Kanti Biswas’ comrades in West Bengal knew he was a Dalit and envied his administrative competence. Others convinced themselves he was actually a Brahmin

kantibiswas1“I know Kanti Biswas is a Brahmin from West Bengal. To get political mileage, given the large concentration of Scheduled Caste population, he has obtained a fake Scheduled Caste certificate.”

This was how Prof Murli Manohar Joshi, the union minister of human resources development in the Vajpayee government, went hammer and tongs against Kanti Biswas in a meeting of state education ministers he had convened in Delhi. He, however, had prefaced his attack with a word of praise: “I hold West Bengal education minister Kanti Biswas in the highest esteem. I’m yet to see anybody who is as knowledgeable and capable in handling his portfolio.” Then he had added: “But I hate him also. He is a lair.”

In a spirited and spontaneous rebuttal, Kanti Biswas said, “Why do you call me a lair? On what basis do you say a man born into a low caste cannot acquire knowledge? How and why do you believe that merit is the exclusive preserve of the Brahmin? I declare again that I belong to the Scheduled Caste community. I condemn your attitude tainted by caste prejudice. Your claim that I’m a Brahmin is totally baseless.
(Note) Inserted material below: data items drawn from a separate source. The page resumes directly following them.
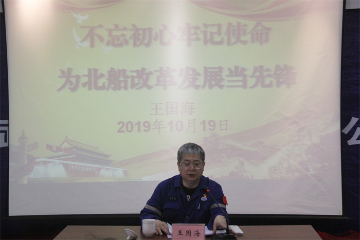 王國(guó)海圍繞“不忘初心、牢記使命”主題教育有關(guān)要求、工作進(jìn)展及需掌握的基本點(diǎn);從1921年建黨至今,波瀾壯闊的發(fā)展史回顧;結(jié)合武船集團(tuán)、北船重工及青武當(dāng)前發(fā)展的狀況,內(nèi)外部形勢(shì)分析及優(yōu)劣勢(shì)分析;北船重工青島武船改革整合概況和進(jìn)程;北船重工青島武船在制產(chǎn)品生產(chǎn)現(xiàn)狀分析;在主題教育、公司深化改革中,黨員如何發(fā)揮好先鋒模范作用等六個(gè)方面講授黨課。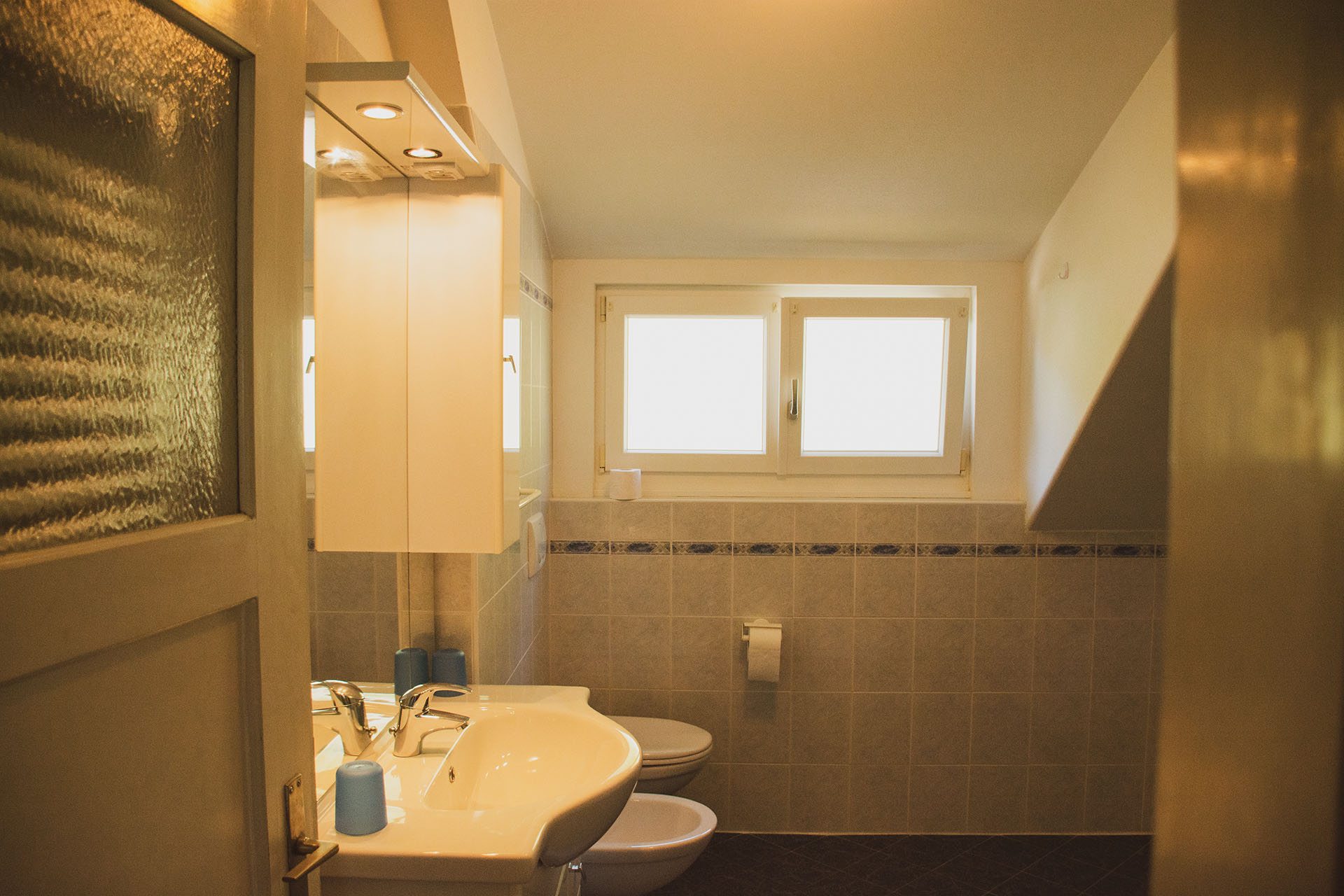 großes Badezimmer mit Dusche, Badewanne, Bidet und Waschmaschine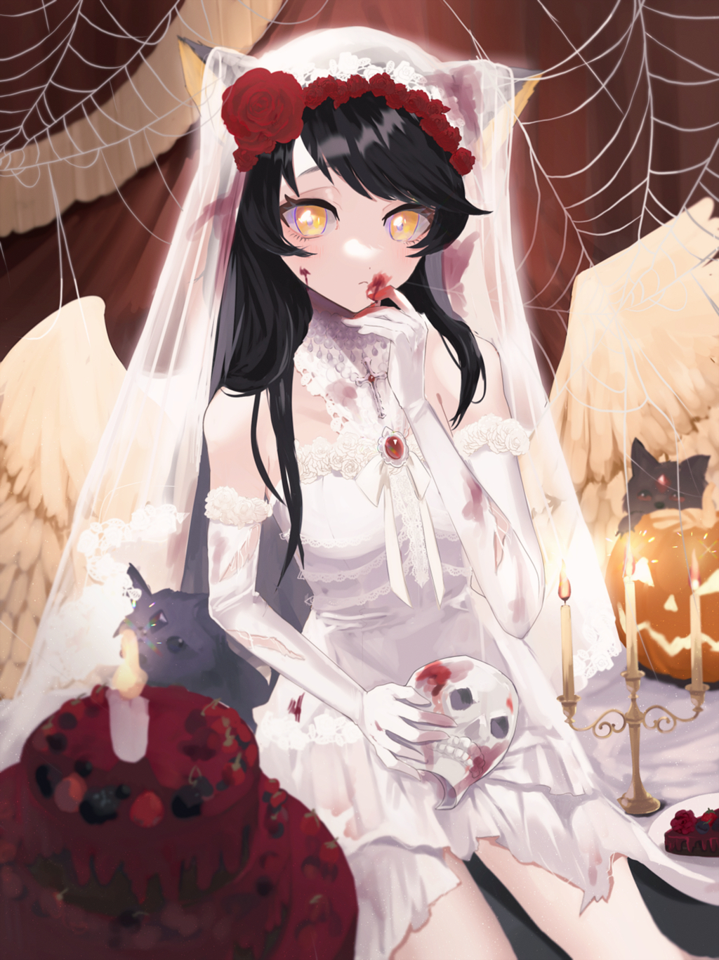 未完成 耳付き HALLOWEEN オリジナル構図 手描きイラスト ハロウィン Elina+@E2n04non X。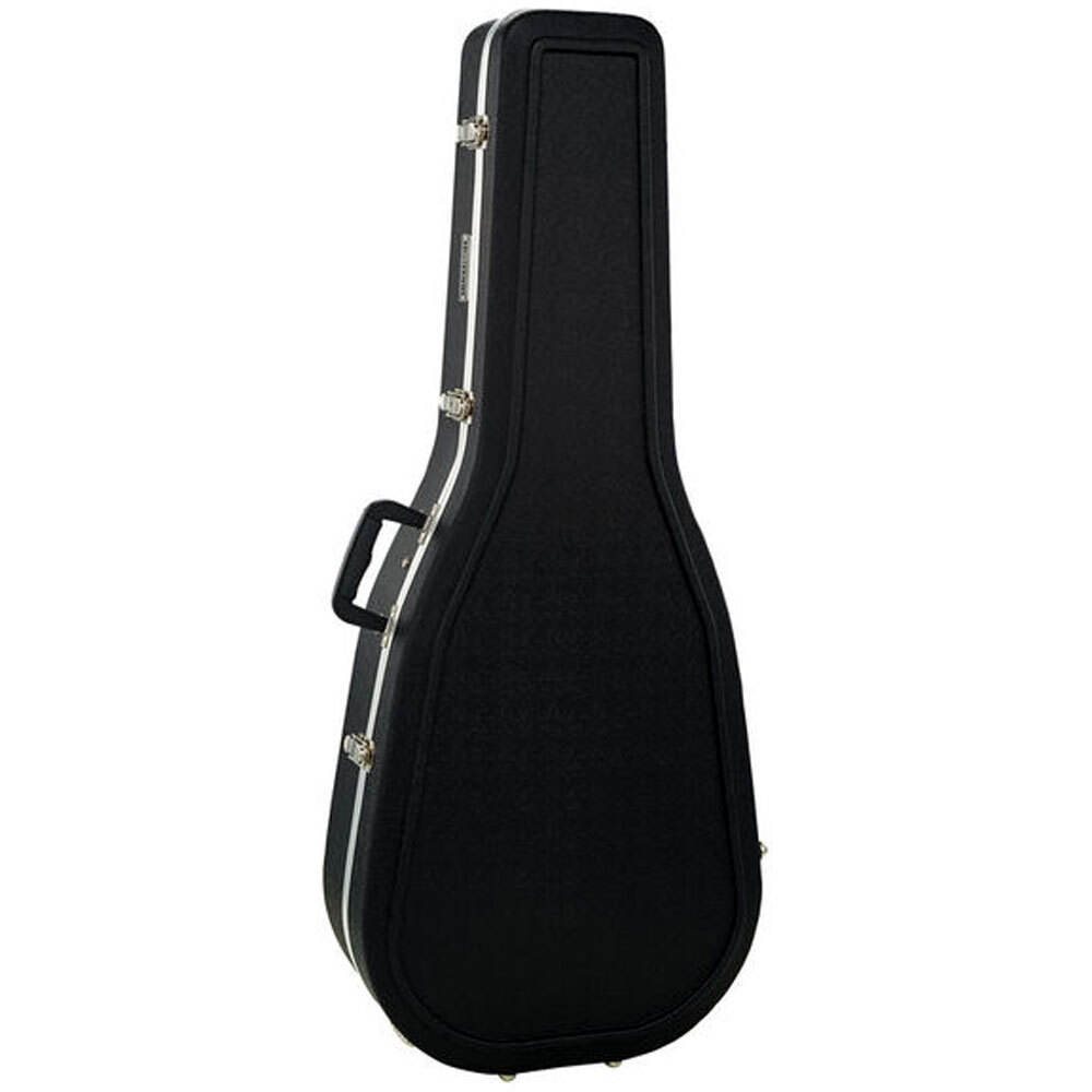 This deluxe molded acoustic guitar case is made from the finest eco-friendly ABS plastic with an ultra-strong extruded tongue-and-groove aluminum valance.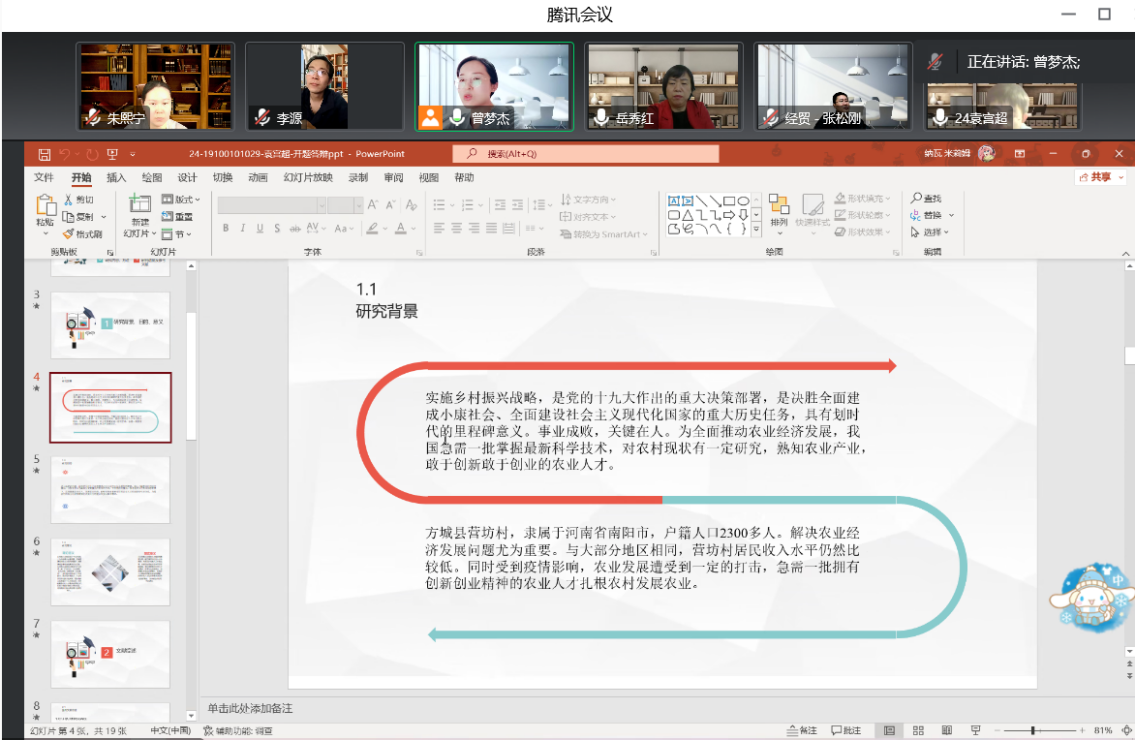 2022年11月19日,taptap点点体育2023届农林经济管理专业按照《taptap点点体育2023届本科毕业论文开题答辩实施方案》的要求,进行了开题答辩,由于疫情原因,答辩采取线上形式举行,共分为3个答辩小组,91名同学参加了开题答辩。

I strongly denounce you for this.”

In 1911, the census authorities had listed 10 disabilities of the “depressed” castes. Kanti Biswas was a Namasudra, whose three disabilities were identified as follows: The Namasudras “are not served by good Brahmans; are denied access to the interior of [an] ordinary Hindu temple; and cause pollution by touch or [coming] within a certain distance” (Census of India 1911, vol. V, Part I, Report, p. 232). These disabilities were based on a brahmanical yardstick characterized by puritanical whims and orthodoxy. The authorities had shown that tens of millions of people in India were subjected to discrimination and hatred.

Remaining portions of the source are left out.